Conclusion 1: Neither of the prevailing approaches to evaluating harmful interference concerns effectively mitigates the risk of harmful interference.
Task 2: [Consider] the potential for harmful interference from the proposed Ligado network to mobile satellite services including GPS and other commercial or DoD services, including the potential to affect DoD operations, and activities.
Conclusion 2: Based on the results of tests conducted to inform the Ligado proceeding, most commercially produced general navigation, timing, cellular, or certified aviation GPS receivers will not experience significant harmful interference from Ligado emissions as authorized by the FCC. High-precision (HP) receivers are the most vulnerable receiver class, with the largest proportion of units tested that will experience significant harmful interference from Ligado operations as authorized by the FCC.
Conclusion 3: It is within the state-of-the-practice of current technology to build a receiver that is robust to Ligado signals for any GPS application, and all GPS receiver manufacturers could field new designs that could co-exist with the authorized Ligado signals and achieve good performance even if their existing designs cannot.

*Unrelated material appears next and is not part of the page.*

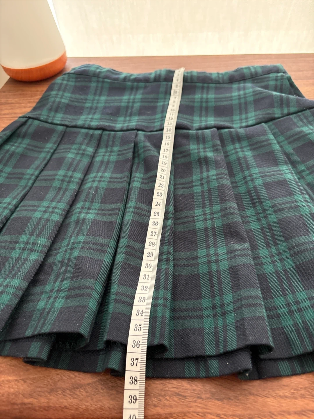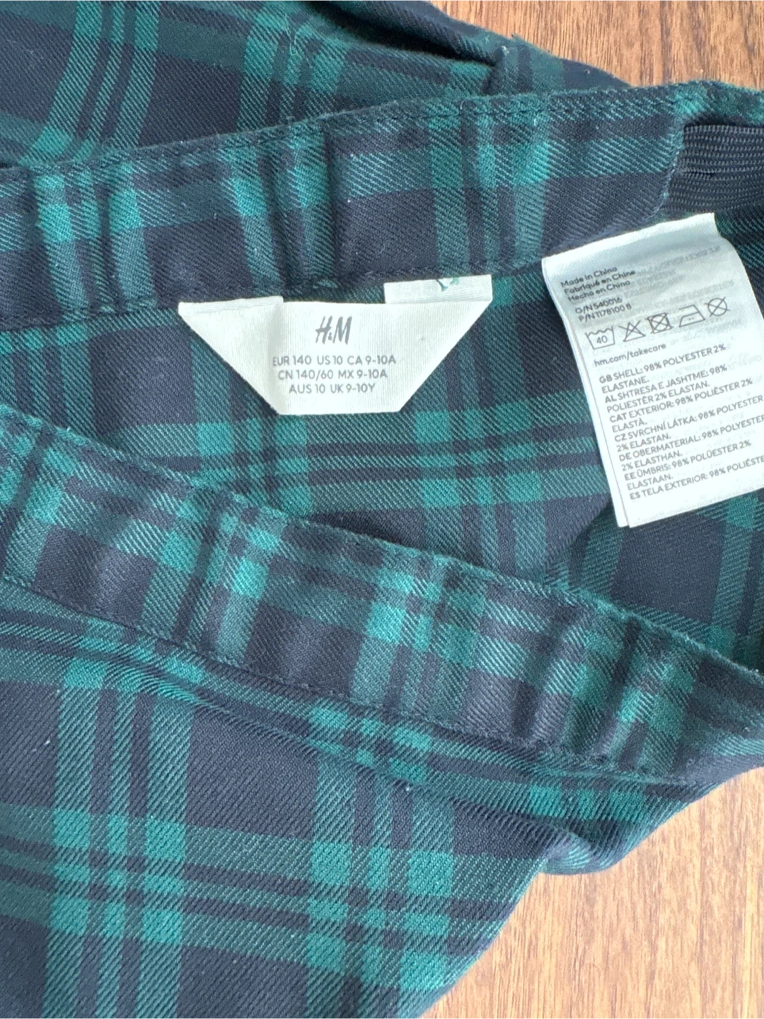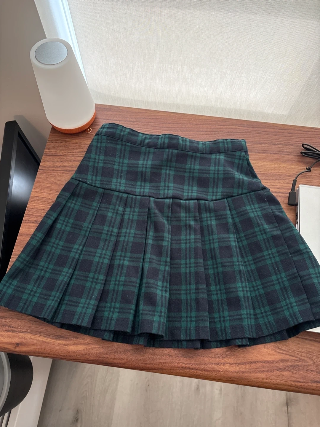 This H&M mini skirt features a classic green and navy plaid pattern with pleats. It's made of a polyester blend and has an elastic waistband. This skirt is perfect for summer wear or for a stylish school uniform look!

Conclusion 4: Iridium terminals will experience harmful interference on their downlink caused by Ligado user terminals operating in the UL1 band while those Iridium terminals are within a significant range of a Ligado emitter—up to 732 m.
DoD has evaluated the impact of FCC Order 20-48 on department devices and missions and has asserted (see slides dated March 15, 20221), “The terrestrial network authorized by FCC Order 20-48 will create unacceptable harmful interference for DoD missions. The mitigation techniques and other regulatory provision in FCC Order 20-48 are insufficient to protect national security missions.”
Additional information on the test results and analysis as they related to DoD systems and missions is discussed in a classified annex to this report.
Task 3: [Consider] the feasibility, practicality, and effectiveness of the mitigation measures required in the FCC order with respect to DoD devices, operations, and activities.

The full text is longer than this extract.